Tribunal afasta todas as sanções impostas à ex-prefeita de Buritinópolis e conclui que não houve comprovação de dolo exigida pela atual Lei de Improbidade Administrativa
A 9ª Câmara Cível do Tribunal de Justiça do Estado de Goiás (TJGO) reformou a sentença que havia condenado a ex-prefeita de Buritinópolis, Ana Paula Soares Dourado, por improbidade administrativa. A decisão foi obtida após recurso apresentado pelo advogado Danúbio Cardoso Remy Romano Frauzino e resultou no afastamento integral das penalidades aplicadas em primeira instância.
A ação teve origem em questionamentos sobre o recebimento de diárias pela então gestora municipal entre os anos de 2017 e 2019. Na sentença inicial, Ana Paula Dourado havia sido condenada ao ressarcimento de R$ 98.383 aos cofres públicos, ao pagamento de multa no mesmo valor, além da suspensão dos direitos políticos por oito anos e da proibição de contratar com o poder público.
Ao reavaliar o caso, o Tribunal considerou as alterações promovidas pela Lei nº 14.230/2021, que estabeleceu a necessidade de comprovação do dolo específico para a configuração de atos de improbidade administrativa. Segundo o entendimento adotado pelo relator, desembargador Luiz Eduardo de Sousa, não foram apresentadas provas suficientes para demonstrar que a ex-prefeita tenha agido com intenção deliberada de causar prejuízo ao patrimônio público.

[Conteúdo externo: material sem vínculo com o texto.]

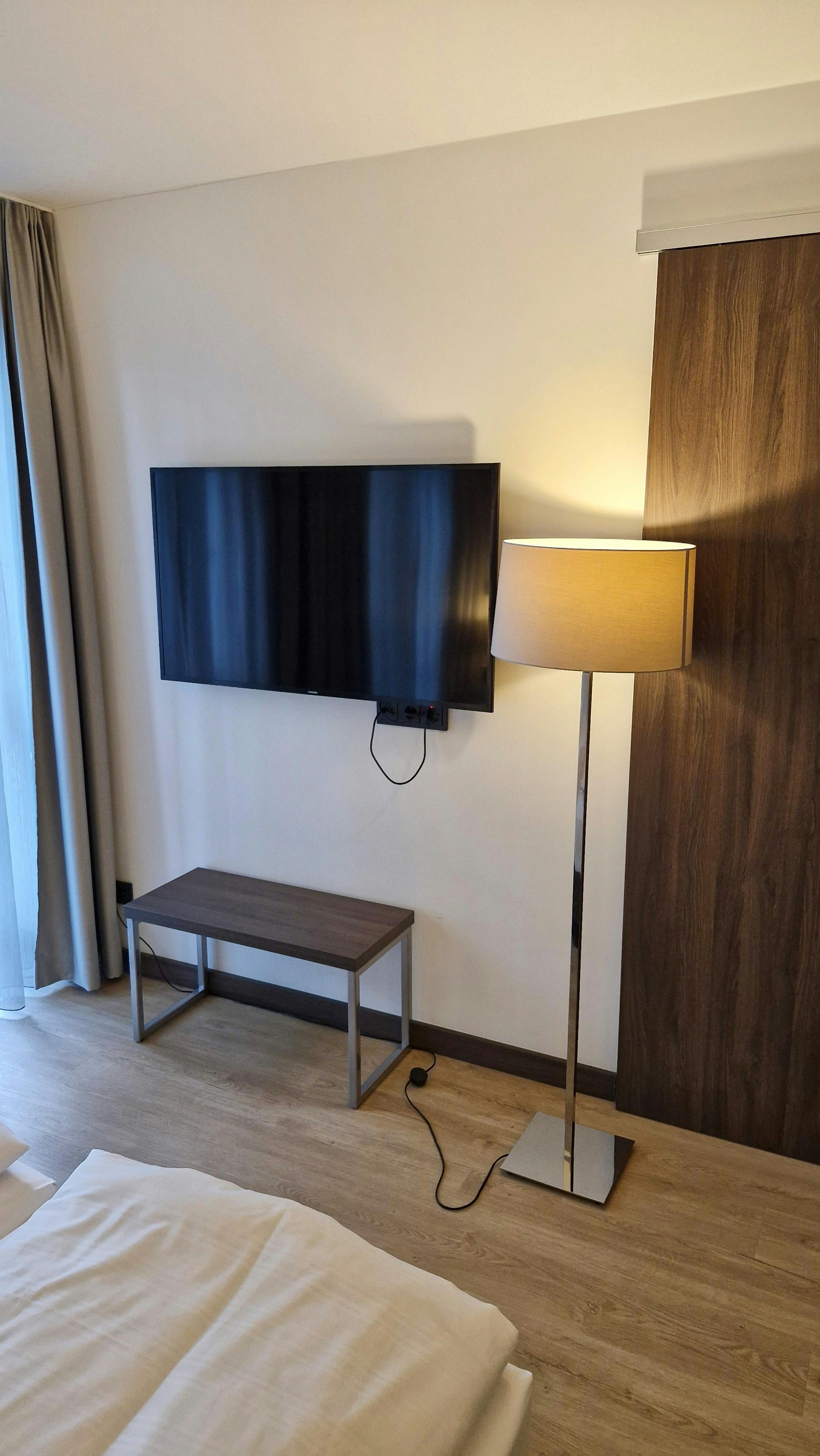 With a living space of approx. 40 m², our Superior Suite offers you a spacious bedroom with a wardrobe and TV for your comfort. The separate living room has a dining area and a comfortable sofa bed with an additional TV. There is also a kitchenette with a stove, refrigerator, microwave, and kettle, perfect for preparing small meals. Your modern bathroom has a toilet, shower, and complimentary toiletries.

A decisão destaca que os autos continham documentação referente às viagens realizadas durante o período analisado, incluindo registros administrativos, relatórios, recibos e demais documentos relacionados às despesas questionadas. Para o colegiado, a ausência de elementos capazes de comprovar má-fé ou enriquecimento ilícito impede a manutenção da condenação.
O Tribunal também ressaltou que a responsabilidade de comprovar a ocorrência de irregularidades cabe à parte acusadora, não sendo possível presumir a prática de improbidade administrativa apenas com base em eventuais inconsistências formais na documentação apresentada.
Durante a tramitação do processo, a defesa sustentou que os deslocamentos realizados pela então prefeita estavam ligados ao exercício regular das funções do cargo, incluindo agendas institucionais, busca de recursos e acompanhamento de demandas administrativas de interesse do município. Os argumentos foram acolhidos pelos desembargadores no julgamento do recurso.
Com a nova decisão, foram anuladas todas as sanções anteriormente impostas à ex-prefeita. O resultado representa uma importante vitória jurídica para Ana Paula Dourado e reforça o entendimento dos tribunais de que a condenação por improbidade administrativa exige prova concreta da intenção de lesar a administração pública.
Para o advogado Danúbio Remy, o julgamento reafirma a importância da observância dos princípios constitucionais do devido processo legal e da aplicação rigorosa dos critérios estabelecidos pela atual legislação de improbidade administrativa.